UI patterns: Inline UI & Widgets
6) Telemetry & audits
Capture:
- Trace ID for the run; per-step timings and errors
- Token & API cost estimates (by tool)
- Policy events (denied domain, write blocked, confirmation obtained)
- Outcome (success/failed/cancelled)
Pipe to your warehouse and review weekly.
Analytics guide: Analytics for ChatGPT Apps
7) Evaluations (Evals) that matter
Write lightweight checks that run on CI:
- Factuality probe for extract/compile on known URLs
- Plan length ≤ N for a given task
- Guardrail checks (no disallowed domains/tools)
- Cost/time limits enforced under synthetic load
Tune prompts/tools until evals pass reliably.
8) Shipping checklist (Agent edition)
- ✅ One hero job with a clear success criterion
- ✅ Minimal, well-typed toolset
- ✅ Budgets (steps/time/cost) + whitelists/denylists
- ✅ Confirm screen before writes/payments
- ✅ Telemetry + audits + weekly evals
- ✅ Clear user messaging on what the agent will/won’t do
9) Extending your agent
- Add alternates (multiple search/data providers).

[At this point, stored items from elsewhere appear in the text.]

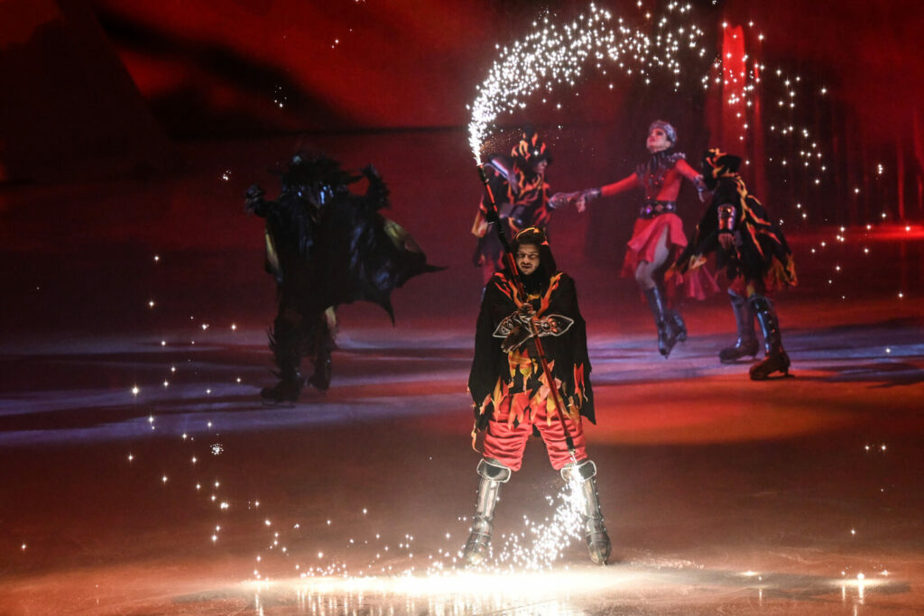 — Помимо прокатов фигуристов на ледовой арене можно будет увидеть полеты на высоте нескольких десятков метров, трюки, световое и фаер-шоу, декорации-трансформеры, разряды почти настоящей молнии, — отмечают организаторы постановки. — Специально для ледового мюзикла создали более ста оригинальных костюмов, представляющих собой образы сказочных существ.
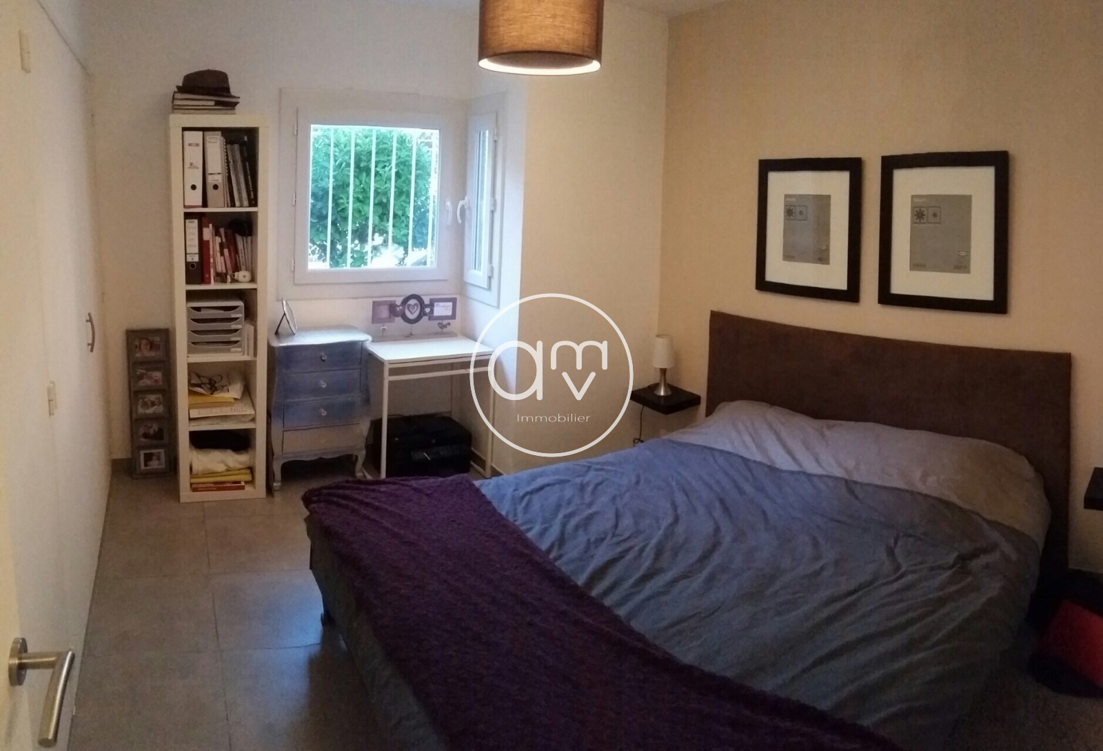 La partie privée de l'appartement comprend une salle d'eau refaite à neuf, ainsi qu'un WC fermé et une chambre qui accueille un lit double et deux grandes armoires de rangement.
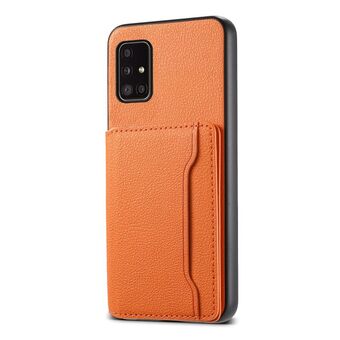 For Samsung Galaxy A51 4G Calf Texture Card Bag Design Full Coverage Phone Case(Orange)

- Cache intermediate artifacts to cut cost/time.
- Introduce a review step that routes to a human on low confidence.
- Split the system into sub-agents by skill; orchestrate with a top-level planner.
- Expose safe portions as an App for user-driven flows.
Deep dives: Agent Orchestration & Multi-Agent Workflows
FAQ
Do I need an App if I’m using an Agent?
You’ll want one for structured inputs, previews, and confirmations—especially for risky writes or payments.
How do I keep costs predictable?
Strict budgets, step caps, caching, and early-exit evals. Track cost per successful task as a north star.
Can Agents reuse my MCP tools?
Yes—expose your actions as tools once and call them from both the Agent and the App.